▶ THE DATA:
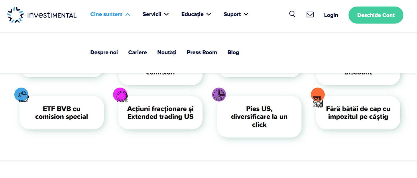 Printre brokerii români cunoscuți se numără Tradeville, Investimental, BT Capital Partners, BRK Financial Group, Goldring, Prime Transaction sau Estinvest — fiecare cu avantaje și limitări proprii. Eu am avut cont la Tradeville peste 10 ani, dar apoi m-am mutat tocmai din cauza lipsei de respect cu care au tratat o situație apărută chiar din vina lor. Acum lucrez cu Investimental, sunt mai noi pe piață, însă par în regulă, îi recomand cu dragă inimă. Am mai cochetat și cu Goldring, dar nu am văzut sensul în a-mi împrăștia deținerile peste tot, deși poate ar trebui, că uneori mai cad platformele când îți e lumea mai dragă. De platformele gen Revolut, v-aș recomanda să stați departe la capitolul investiții, e mult mai transparent și mai ieftin să mergeți pe mâna unui broker - doar SaltBank mi-a plăcut, e un fel de Revolut dezvoltat de Banca Transilvania, au introdus și secțiunea de investiții, cele în fondurile mutuale care replică BET de la noi par foarte OK, puteți să vă aruncați un ochi făcându-vă un cont gratuit2.
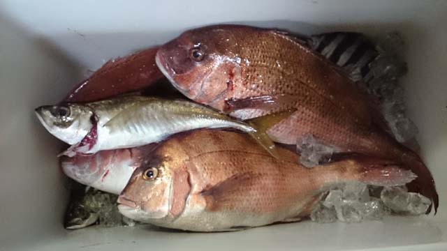 真鯛4匹、30~40㎝級の大アジが約10匹でクーラーも賑やかになりました(*^_^*)
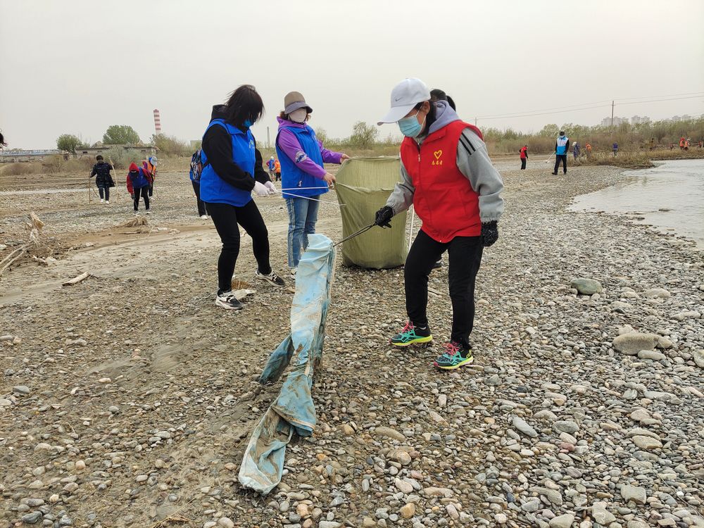 北大河河畔,大家认真清理河滩、河岸等区域垃圾杂物,以实际行动保护母亲河、爱护生态环境、践行绿色发展的理念。

▶ PROBLEM DESCRIPTION:
Write every line above again exactly, but leave the pictures out.

▶ WRITTEN RESPONSE:
 Printre brokerii români cunoscuți se numără Tradeville, Investimental, BT Capital Partners, BRK Financial Group, Goldring, Prime Transaction sau Estinvest — fiecare cu avantaje și limitări proprii. Eu am avut cont la Tradeville peste 10 ani, dar apoi m-am mutat tocmai din cauza lipsei de respect cu care au tratat o situație apărută chiar din vina lor. Acum lucrez cu Investimental, sunt mai noi pe piață, însă par în regulă, îi recomand cu dragă inimă. Am mai cochetat și cu Goldring, dar nu am văzut sensul în a-mi împrăștia deținerile peste tot, deși poate ar trebui, că uneori mai cad platformele când îți e lumea mai dragă. De platformele gen Revolut, v-aș recomanda să stați departe la capitolul investiții, e mult mai transparent și mai ieftin să mergeți pe mâna unui broker - doar SaltBank mi-a plăcut, e un fel de Revolut dezvoltat de Banca Transilvania, au introdus și secțiunea de investiții, cele în fondurile mutuale care replică BET de la noi par foarte OK, puteți să vă aruncați un ochi făcându-vă un cont gratuit2.
 真鯛4匹、30~40㎝級の大アジが約10匹でクーラーも賑やかになりました(*^_^*)
 北大河河畔,大家认真清理河滩、河岸等区域垃圾杂物,以实际行动保护母亲河、爱护生态环境、践行绿色发展的理念。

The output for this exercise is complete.